## [YOUR TASK]
Restate word for word the material below, starting at the line that contains "The ultimate layering piece, this" and stopping after the last line; skip pictures.

## [MATERIAL PROVIDED]
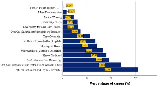 Figure 1 depicts the challenges associated with the provision of oral hygiene care practices among the participants. Among the 201 participants, the majority of them (62.18%, n = 97) stated that their patients’ behaviors and physical disabilities were major challenges to providing quality oral hygiene care. However, only 28.21% of the participants reported that a shortage of healthcare professionals was a barrier. (Figure 1)
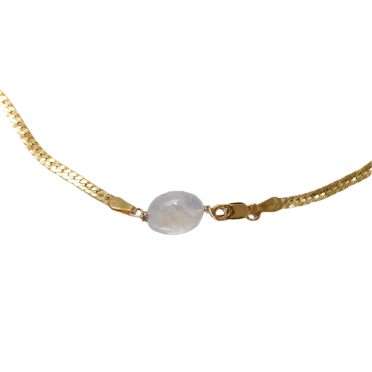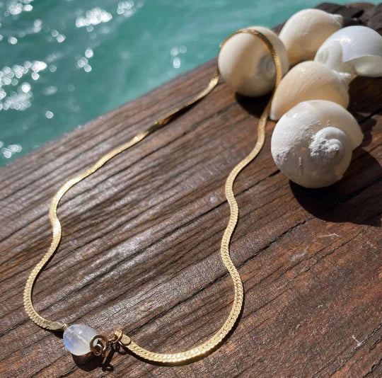 The ultimate layering piece, this beloved jewel is inspired by wanderlust.  The golden herringbone chain symbolizes the journey, while the one-of-a-kind shimmering rainbow moonstone represents where the road ends- and can begin again, whichever direction you seek. Timeless with a twist of vintage glam, the Atlas Necklace is your layering hero, sure to catch plenty of sunny rays.
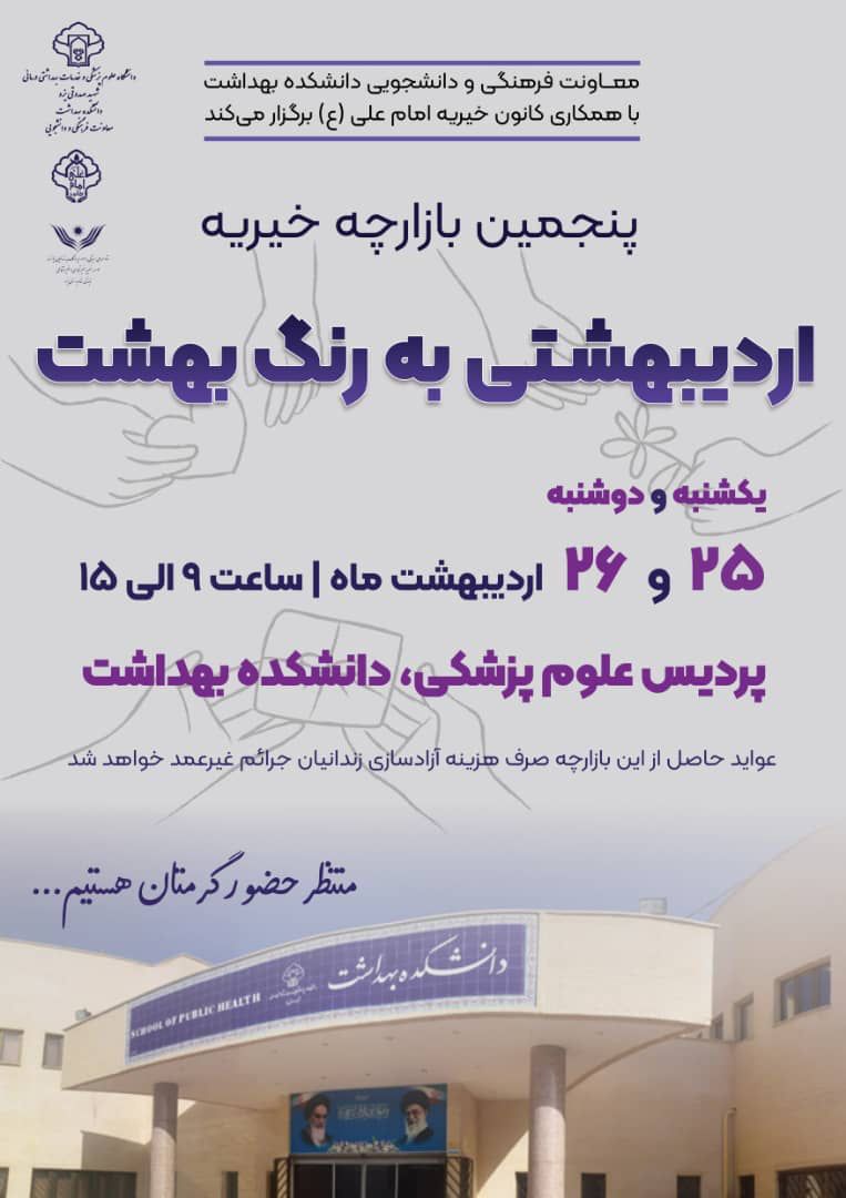 گفتنی است این بازارچه خیریه در تاریخ ۲۵ و ۲۶ اردیبهشت ماه سال جاری از ساعت ۹ الی ۱۵ در محل پردیس علوم پزشکی ، دانشکده بهداشت واقع در یزد – صفاییه – میدان عالم – بلوار شهدای گمنام – برگزار خواهد شد .
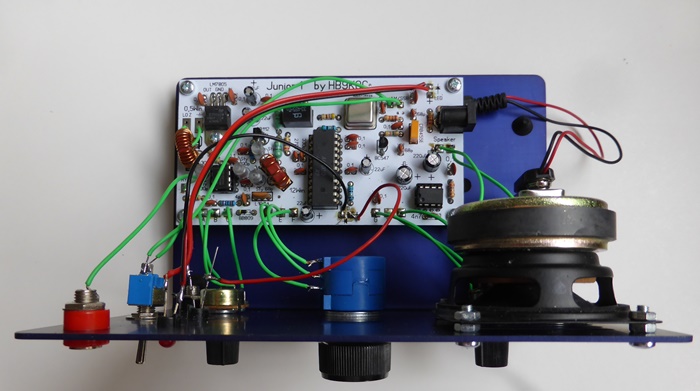 interessant! Bausatz ist bei QRP Project Berlin erhältlich. Der Frequenzbereich soll zwischen 5,9 und 8,1 MHz liegen. Doppelsuper 10,7MHz/468 kHz mit dem IC A4100D aus DDR-Zeiten. Mischer NE612 im Eingang, dann der A4100 und NF-Verstärker LM380. Beschreibung im FA 2/15. Etwas zum Löten - nicht übel.

## [RESULT OF THE TASK]
 The ultimate layering piece, this beloved jewel is inspired by wanderlust.  The golden herringbone chain symbolizes the journey, while the one-of-a-kind shimmering rainbow moonstone represents where the road ends- and can begin again, whichever direction you seek. Timeless with a twist of vintage glam, the Atlas Necklace is your layering hero, sure to catch plenty of sunny rays.
 گفتنی است این بازارچه خیریه در تاریخ ۲۵ و ۲۶ اردیبهشت ماه سال جاری از ساعت ۹ الی ۱۵ در محل پردیس علوم پزشکی ، دانشکده بهداشت واقع در یزد – صفاییه – میدان عالم – بلوار شهدای گمنام – برگزار خواهد شد .
 interessant! Bausatz ist bei QRP Project Berlin erhältlich. Der Frequenzbereich soll zwischen 5,9 und 8,1 MHz liegen. Doppelsuper 10,7MHz/468 kHz mit dem IC A4100D aus DDR-Zeiten. Mischer NE612 im Eingang, dann der A4100 und NF-Verstärker LM380. Beschreibung im FA 2/15. Etwas zum Löten - nicht übel.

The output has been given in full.